For this exercise, output the entries below exactly from the line that holds "যুদ্ধবিধ্বস্ত ইরানে জরুরি" to the line that holds "2024年2月20日,家长带孩子在江苏省扬州市一家新华书店选购图书。", both ends included. No pictures belong in the copy.
Segment Start: Supplied data
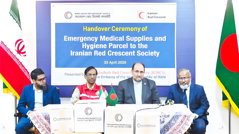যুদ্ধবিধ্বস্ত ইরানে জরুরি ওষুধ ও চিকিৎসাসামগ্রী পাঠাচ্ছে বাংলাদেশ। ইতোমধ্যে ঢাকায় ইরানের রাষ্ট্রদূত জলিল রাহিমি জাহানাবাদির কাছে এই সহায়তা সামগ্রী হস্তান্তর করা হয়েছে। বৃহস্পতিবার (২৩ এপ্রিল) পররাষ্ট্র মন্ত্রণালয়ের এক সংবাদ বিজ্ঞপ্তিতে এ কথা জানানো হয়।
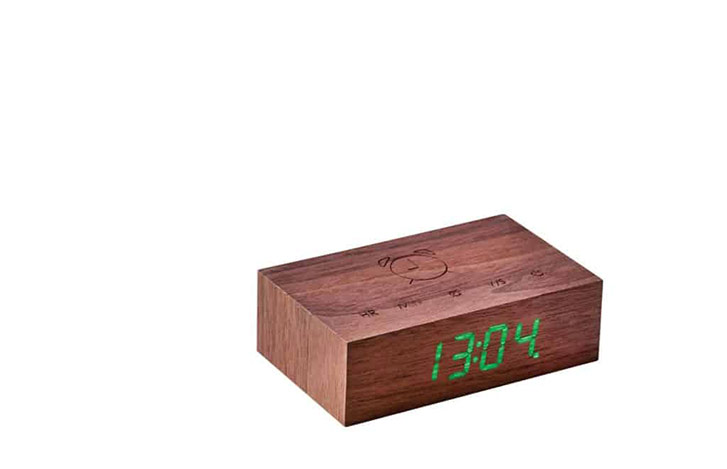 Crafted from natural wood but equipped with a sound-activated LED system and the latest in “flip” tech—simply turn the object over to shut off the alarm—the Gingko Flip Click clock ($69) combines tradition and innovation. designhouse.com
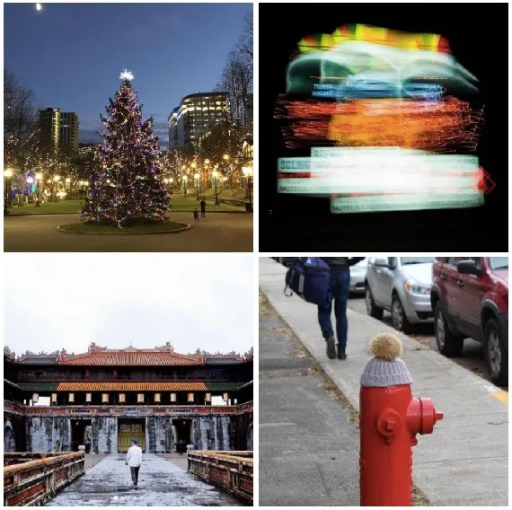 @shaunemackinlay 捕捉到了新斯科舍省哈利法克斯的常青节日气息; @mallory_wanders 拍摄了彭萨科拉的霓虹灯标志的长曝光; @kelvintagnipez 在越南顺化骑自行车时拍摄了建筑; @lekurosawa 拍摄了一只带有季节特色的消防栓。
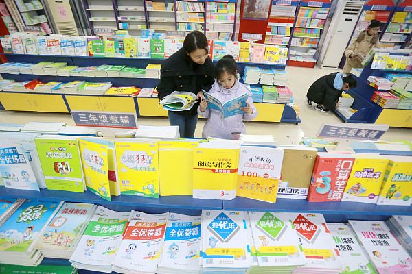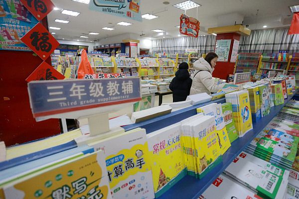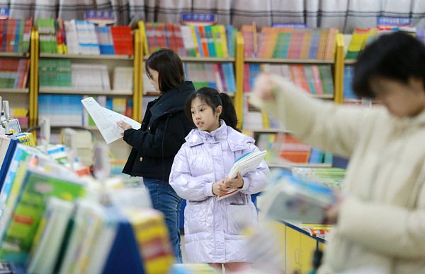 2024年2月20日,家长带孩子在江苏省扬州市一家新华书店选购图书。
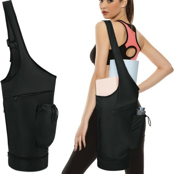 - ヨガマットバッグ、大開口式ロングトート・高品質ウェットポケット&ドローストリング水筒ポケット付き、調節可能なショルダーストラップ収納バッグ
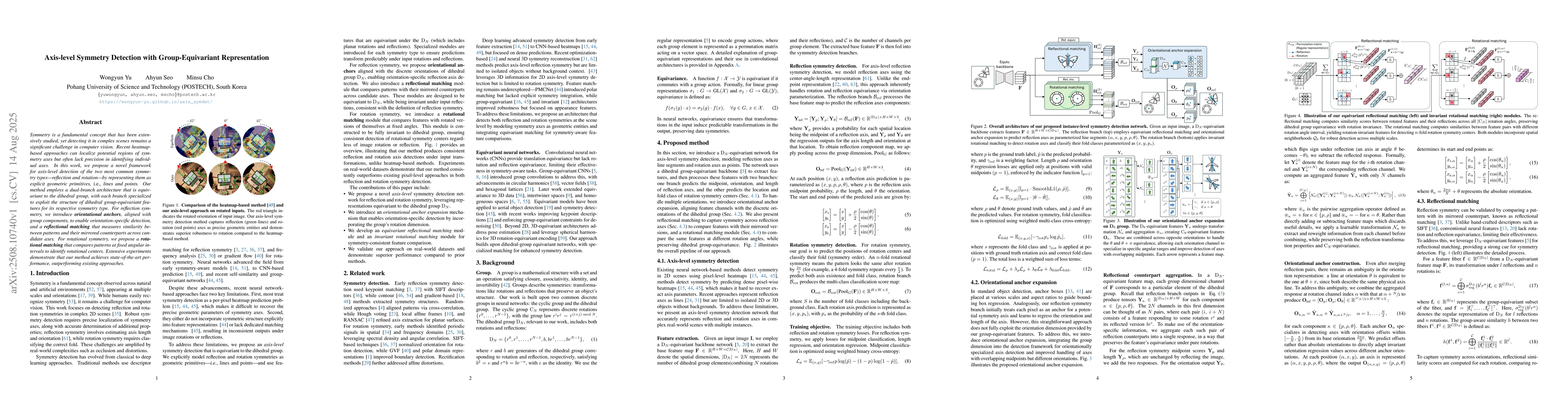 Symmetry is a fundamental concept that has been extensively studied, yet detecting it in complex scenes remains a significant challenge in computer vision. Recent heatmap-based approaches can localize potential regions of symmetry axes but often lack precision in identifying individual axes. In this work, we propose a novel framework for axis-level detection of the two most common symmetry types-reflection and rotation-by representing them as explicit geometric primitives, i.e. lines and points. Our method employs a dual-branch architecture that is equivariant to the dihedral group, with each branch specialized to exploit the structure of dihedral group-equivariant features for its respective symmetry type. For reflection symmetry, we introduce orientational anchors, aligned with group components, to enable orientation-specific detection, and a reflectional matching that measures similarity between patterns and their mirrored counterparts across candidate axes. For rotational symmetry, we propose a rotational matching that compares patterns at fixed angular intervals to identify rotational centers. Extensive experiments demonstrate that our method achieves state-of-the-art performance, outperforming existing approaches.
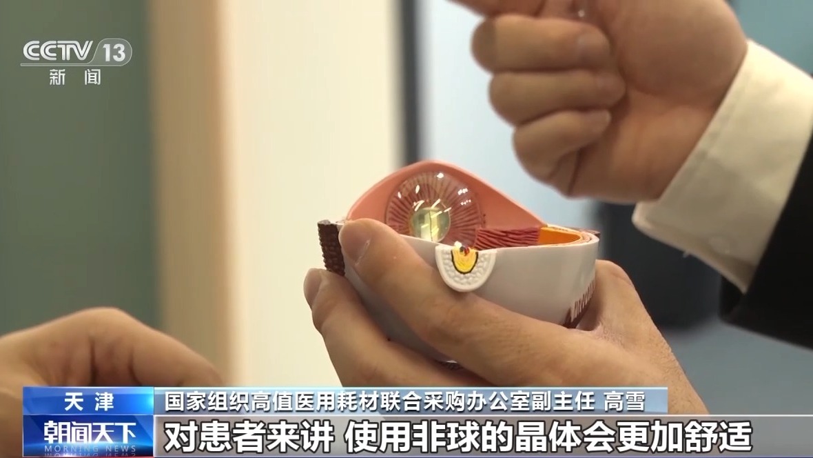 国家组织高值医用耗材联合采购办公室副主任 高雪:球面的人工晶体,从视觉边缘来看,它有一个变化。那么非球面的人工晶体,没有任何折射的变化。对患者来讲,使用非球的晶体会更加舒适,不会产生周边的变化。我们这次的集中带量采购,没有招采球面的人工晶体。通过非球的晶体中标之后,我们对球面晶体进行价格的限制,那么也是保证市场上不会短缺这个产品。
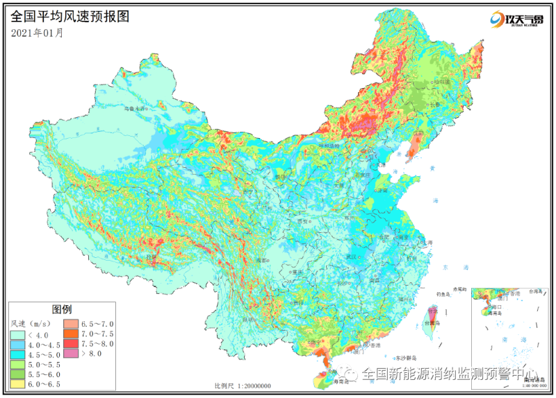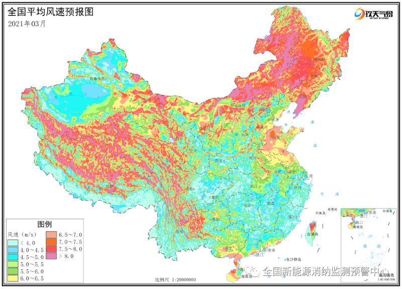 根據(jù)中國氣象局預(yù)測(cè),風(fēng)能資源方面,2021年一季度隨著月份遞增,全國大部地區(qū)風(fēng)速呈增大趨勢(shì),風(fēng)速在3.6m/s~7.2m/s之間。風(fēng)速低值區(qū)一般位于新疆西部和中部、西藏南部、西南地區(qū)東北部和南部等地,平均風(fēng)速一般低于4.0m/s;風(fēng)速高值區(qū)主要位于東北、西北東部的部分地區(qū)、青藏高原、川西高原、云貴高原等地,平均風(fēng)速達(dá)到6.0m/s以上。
Segment End: Supplied data
Segment Start: Supplied data
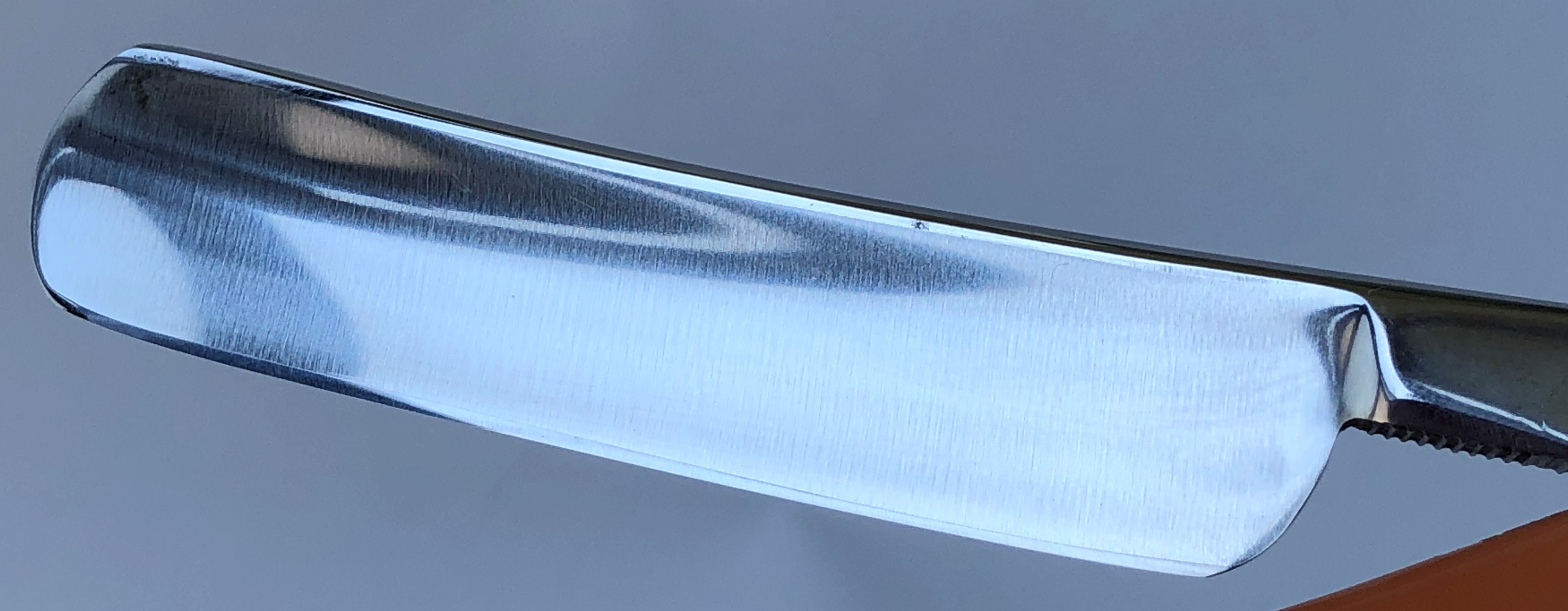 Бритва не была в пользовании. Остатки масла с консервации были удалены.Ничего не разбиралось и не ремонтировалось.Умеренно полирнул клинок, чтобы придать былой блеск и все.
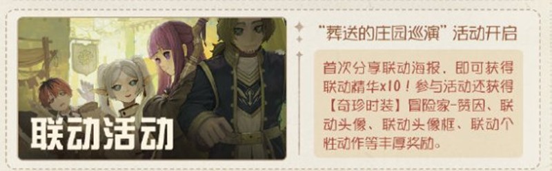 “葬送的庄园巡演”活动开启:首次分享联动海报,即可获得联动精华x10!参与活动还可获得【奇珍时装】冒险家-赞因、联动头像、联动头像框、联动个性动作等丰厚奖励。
Segment End: Supplied data
__Result of this exercise__:
যুদ্ধবিধ্বস্ত ইরানে জরুরি ওষুধ ও চিকিৎসাসামগ্রী পাঠাচ্ছে বাংলাদেশ। ইতোমধ্যে ঢাকায় ইরানের রাষ্ট্রদূত জলিল রাহিমি জাহানাবাদির কাছে এই সহায়তা সামগ্রী হস্তান্তর করা হয়েছে। বৃহস্পতিবার (২৩ এপ্রিল) পররাষ্ট্র মন্ত্রণালয়ের এক সংবাদ বিজ্ঞপ্তিতে এ কথা জানানো হয়।
 Crafted from natural wood but equipped with a sound-activated LED system and the latest in “flip” tech—simply turn the object over to shut off the alarm—the Gingko Flip Click clock ($69) combines tradition and innovation. designhouse.com
 @shaunemackinlay 捕捉到了新斯科舍省哈利法克斯的常青节日气息; @mallory_wanders 拍摄了彭萨科拉的霓虹灯标志的长曝光; @kelvintagnipez 在越南顺化骑自行车时拍摄了建筑; @lekurosawa 拍摄了一只带有季节特色的消防栓。
 2024年2月20日,家长带孩子在江苏省扬州市一家新华书店选购图书。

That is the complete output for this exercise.